District Court of Appeal of Florida, Second District.
John L. McFadyen of Lloyd & Henniger, St. Petersburg, for appellant.
Christopher C. Ferguson and Robert F. Nunez, St. Petersburg, for appellees.
OTT, Judge.
The appellant filed a complaint against the appellees (attorneys) in malpractice. The complaint alleged that the appellees had negligently failed to file an action for wrongful death of appellant's husband within the period allowed by the applicable statute of limitations.
Appellees filed a Motion to Dismiss, Abate and Strike Complaint and an Answer. *1145 In the final analysis the appellees pleaded that a still pending and active wrongful death action by appellant as personal representative of her deceased husband's estate required abatement of the malpractice action.

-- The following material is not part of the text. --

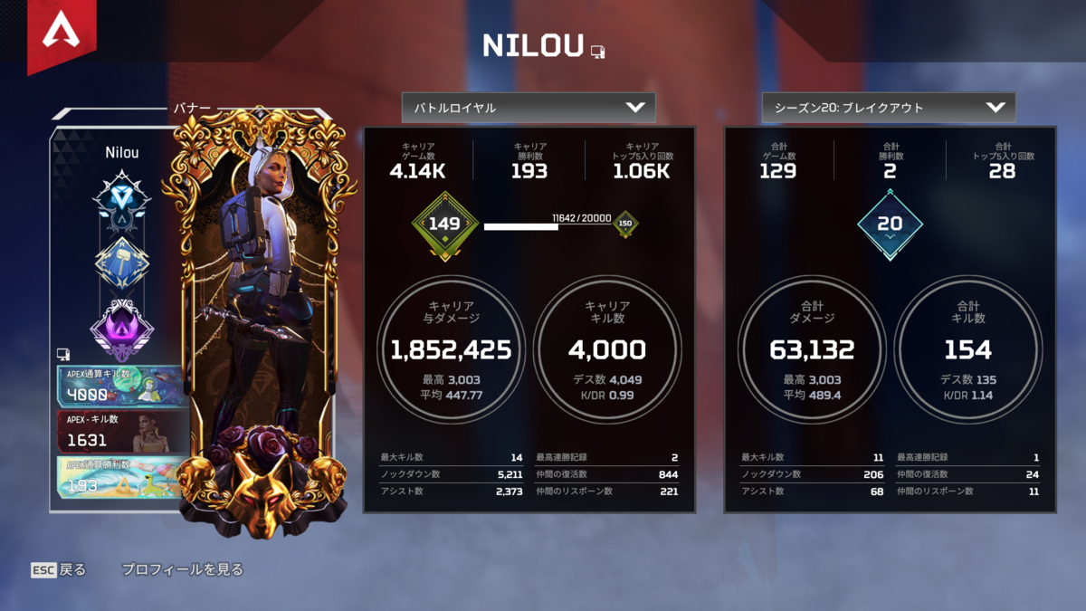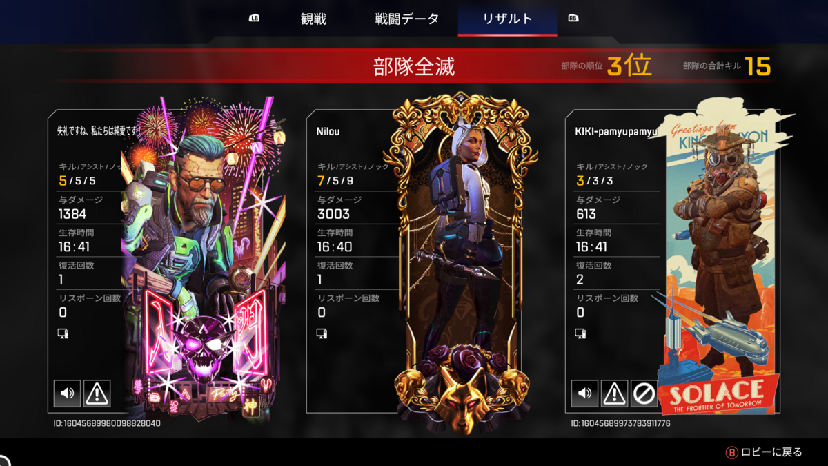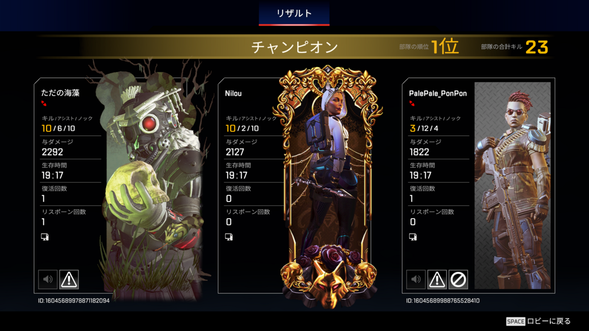 またこの際にAPEXを始めるきっかけをくれて毎日一緒に遊んでいた彼女とも別れました。以降はほぼソロ勢です。

The wrongful death action was against an entirely different party defendant and his liability insurance carrier. The trial court granted the appellees' motion to abate and entered an order dismissing appellant's "[c]omplaint and cause of action."
Both parties conceded at the hearing on the motion to abate that the statute of limitations had been pleaded by the defendants in the wrongful death action; that the applicable period of limitation for a wrongful death action is 2 years; that the wrongful death action was not filed within 2 years of the date of death; that the trial judge in the wrongful death action had ruled that the 2 year limitation period did not commence to run until the appointment of a personal representative for the estate of the decedent; that this court has denied a petition for writ of certiorari to review the trial judge's ruling on the running of the limitations period but the question is still appealable; and, that the wrongful death action was, therefore, still pending.
We hold that there was not sufficient identity of parties and cause of action in the two suits to support the order of abatement and dismissal of the cause of action for malpractice. 1 Fla.Jur. Abatement and Revival §§ 5, 6, 8 (1955). It is far from clear that the ultimate final judgment in the wrongful death action could be pleaded as a bar to the malpractice action. Horter v. Commercial Bank & Trust Co., 99 Fla. 678, 126 So. 909 (Fla. 1930). This would at least be dependent upon which party the final judgment was entered against and upon what basis such final judgment was entered.
It is certainly true, however, that the outcome of the wrongful death case may have a definite bearing on the malpractice action and may even be arguably determinative, at least as to certain issues therein. Equally true is that if the personal representative had failed to institute the wrongful death action, such failure could very well have clouded her right to file or prosecute the malpractice action.
At the same time the uncertainty of the statute of limitation posture of the malpractice action fully warranted the commencement of the suit.[1]
Under all of the circumstances we conclude that the interests of the parties, together with the orderly and economical conduct of the litigation would best be served by a stay of further proceedings herein (the malpractice action) subject to further developments in the wrongful death action.
Accordingly, we set aside the order of the trial court dismissing the cause of action of the appellant and remand for the entry of a temporary stay order consistent with this opinion.
GRIMES, C.J., and DANAHY, J., concur.
[1] On March 20, 1975 appellant was advised by the appellees that the statute of limitations had run in the wrongful death action. The complaint in malpractice was filed on March 11, 1977 within the two year statute of limitations for malpractice set out in § 95.11, Fla. Stat. (1977).